Interface Between GAMS and MATLAB Software: Integration Methods and Applications

Resource Overview

Integration framework connecting GAMS optimization modeling with MATLAB's computational and visualization capabilities for enhanced power system analysis

Detailed Documentation

The interface between GAMS (General Algebraic Modeling System) and MATLAB proves highly valuable in power system programming by enabling users to leverage the complementary strengths of both platforms. GAMS excels in optimization modeling and solution, while MATLAB provides robust numerical computation and data visualization capabilities.

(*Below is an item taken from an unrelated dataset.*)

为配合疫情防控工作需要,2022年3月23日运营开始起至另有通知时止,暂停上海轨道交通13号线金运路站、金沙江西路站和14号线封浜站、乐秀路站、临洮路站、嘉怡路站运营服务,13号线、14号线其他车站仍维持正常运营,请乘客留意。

Key applications of this integration include: Data Exchange: Facilitates transfer of optimization model inputs and outputs between GAMS and MATLAB, such as power system load data, generator parameters, or optimal dispatch results. Implementation typically involves using MATLAB's data structures (arrays, tables) to format inputs and parse optimization outputs. Pre-processing and Post-processing: MATLAB can generate initial data required for GAMS optimization and perform visual analysis of results (e.g., plotting power flow distribution diagrams). Code implementation often uses MATLAB's plotting functions (plot, surf, contour) coupled with data transformation algorithms. Automated Workflows: Through script control, users can automatically execute GAMS optimization models and process results directly in MATLAB, enhancing research efficiency. This involves developing wrapper scripts that coordinate both software environments using system calls or API interfaces.

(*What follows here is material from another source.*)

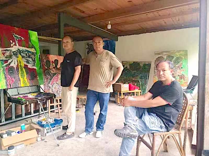At the helm of the ship was prof Gao Xiang from Kunming University . Together with Director Zhou Rui (Cultural department Jinghong) they brought over 18 artists including postgrad students from Kunming to The Octagon Lodge in Menglun.

Common implementation approaches include: GDX File Exchange: GAMS stores data in GDX (GAMS Data Exchange) format, while MATLAB utilizes specialized toolboxes (like gdx2mat or rgdx) to read and write GDX files. The code implementation requires proper handling of GDX data structures and dimension mapping. API Calls: MATLAB can invoke GAMS APIs to execute models and directly retrieve optimization results. This method involves using GAMS' programming interfaces (GAMS Object-oriented API) with proper error handling and parameter passing mechanisms. Command-line Integration: Executing GAMS models through system commands within MATLAB and parsing output logs. Implementation requires text processing algorithms to extract relevant solution metrics and convergence information from GAMS listing files.

In power system applications, this interface particularly benefits optimization problems such as unit commitment, optimal power flow (OPF), and economic dispatch, where MATLAB's analytical capabilities complement GAMS' optimization solvers for comprehensive solution analysis.